Provided data:

....

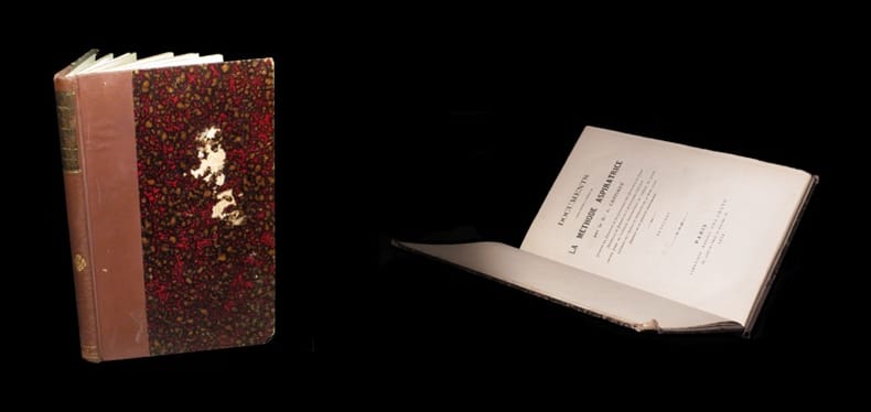 Edition originale rare. Exemplaire complet de ses 13 planches et tableaux in fine (dont un dépliant). ''La Méthode aspiratrice repose en grande partie sur l'emploi d'instruments assez fins pour qu'il soit permis de ne tenir aucun compte du traumatisme qu'ils déterminent. Ces instruments sont des aiguilles creuses capillaires ou à peu près, qui ne serviraient absolument à rien sans les appareils aspirateurs auxquels elles sont adapttées. Grâce à cette disposition, le médecin peut aller sans crainte à la recherche des collections liquides sur la nature ou l'existence desquelles in conserve des doutes. De plus, il peut en opérer l'écoulement à l'abri de l'air. Aussi, on peut utiliser l'aspiration comme moyen de diagnostic ou comme moyen de traitement.'' Angles et coupes élimés. Abrasions affectant le premier plat. Rares et claires rousseurs dans le texte. Du reste, belle condition. Rare.
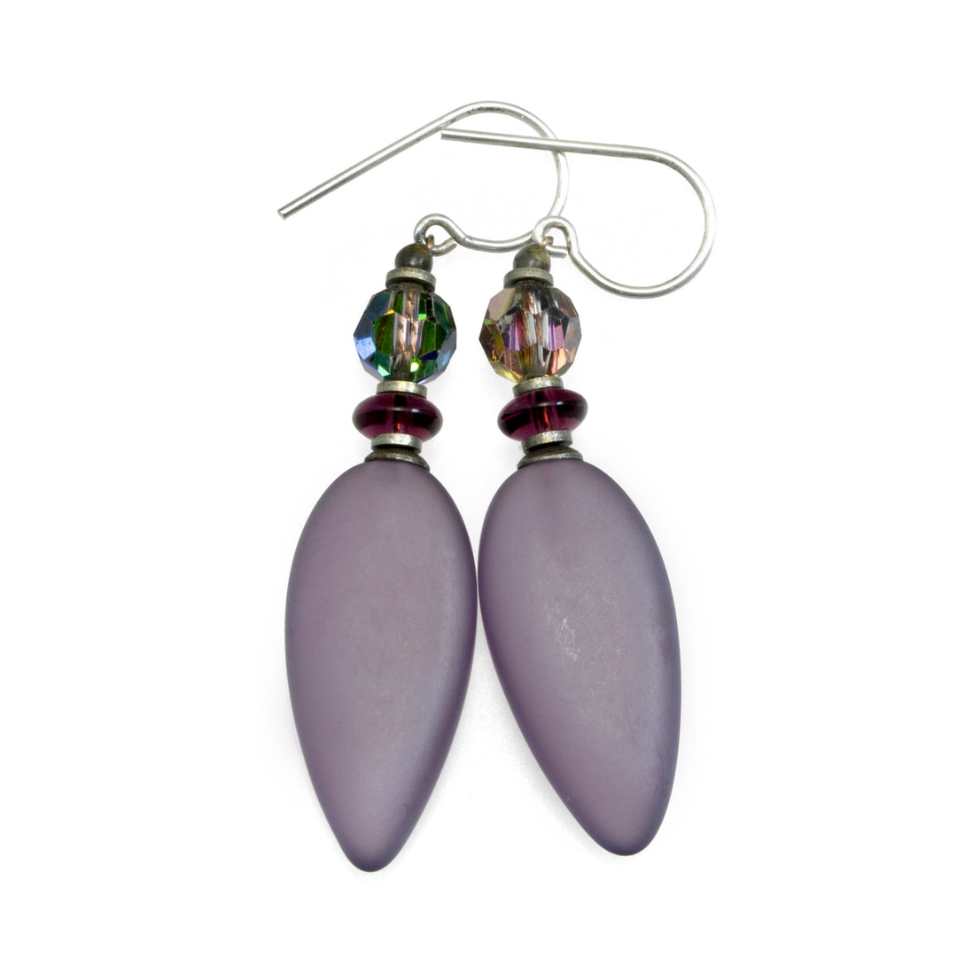Vintage Czech Glass Purple Frosted Matte Briolette Earrings Black Oxidized Sterling Silver Long Drops Art Deco Colorful Simple Teardrops
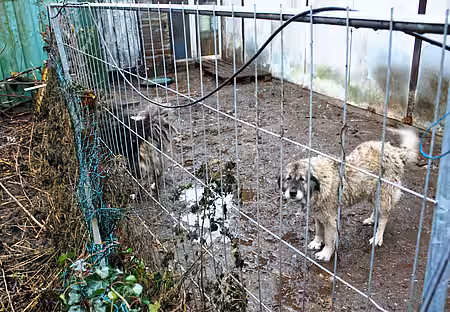 Rechtliche Vorschriften scheinen den Tierhalter wenig zu interessieren. Zumindest sollen von den insgesamt 9 überwiegend großen Hunden die meisten nicht ordnungsgemäß gemeldet gewesen sein. 5 Vierbeiner leben dauerhaft in Zwingern, die zum Teil nicht den gesetzlichen Anforderungen entsprechen. Ein über 10 Jahre alter Kangal wird an einer Kette gehalten, obwohl die Anbindehaltung von Hunden, egal in welcher Form, ab dem 1.1.2023 verboten ist. Außerdem hat die Hütte, die dem betagten Tier zur Verfügung steht, ein defektes Dach und ist nicht wärmegedämmt. Zwei gemeinsam eingesperrte ältere Herdenschutzhunde sind in einem extrem schlechten Pflegezustand. Ihr struppiges, verfilztes Fell kann seine wichtige Schutzfunktion nicht mehr erfüllen, verursacht Juckreiz und begünstigt Parasitenbefall.

....

Try it: Reproduce the opening lines of the material above exactly, ending with the line that contains "Vintage Czech Glass". Omit every picture.

Exercise answer:
 Edition originale rare. Exemplaire complet de ses 13 planches et tableaux in fine (dont un dépliant). ''La Méthode aspiratrice repose en grande partie sur l'emploi d'instruments assez fins pour qu'il soit permis de ne tenir aucun compte du traumatisme qu'ils déterminent. Ces instruments sont des aiguilles creuses capillaires ou à peu près, qui ne serviraient absolument à rien sans les appareils aspirateurs auxquels elles sont adapttées. Grâce à cette disposition, le médecin peut aller sans crainte à la recherche des collections liquides sur la nature ou l'existence desquelles in conserve des doutes. De plus, il peut en opérer l'écoulement à l'abri de l'air. Aussi, on peut utiliser l'aspiration comme moyen de diagnostic ou comme moyen de traitement.'' Angles et coupes élimés. Abrasions affectant le premier plat. Rares et claires rousseurs dans le texte. Du reste, belle condition. Rare.
Vintage Czech Glass Purple Frosted Matte Briolette Earrings Black Oxidized Sterling Silver Long Drops Art Deco Colorful Simple Teardrops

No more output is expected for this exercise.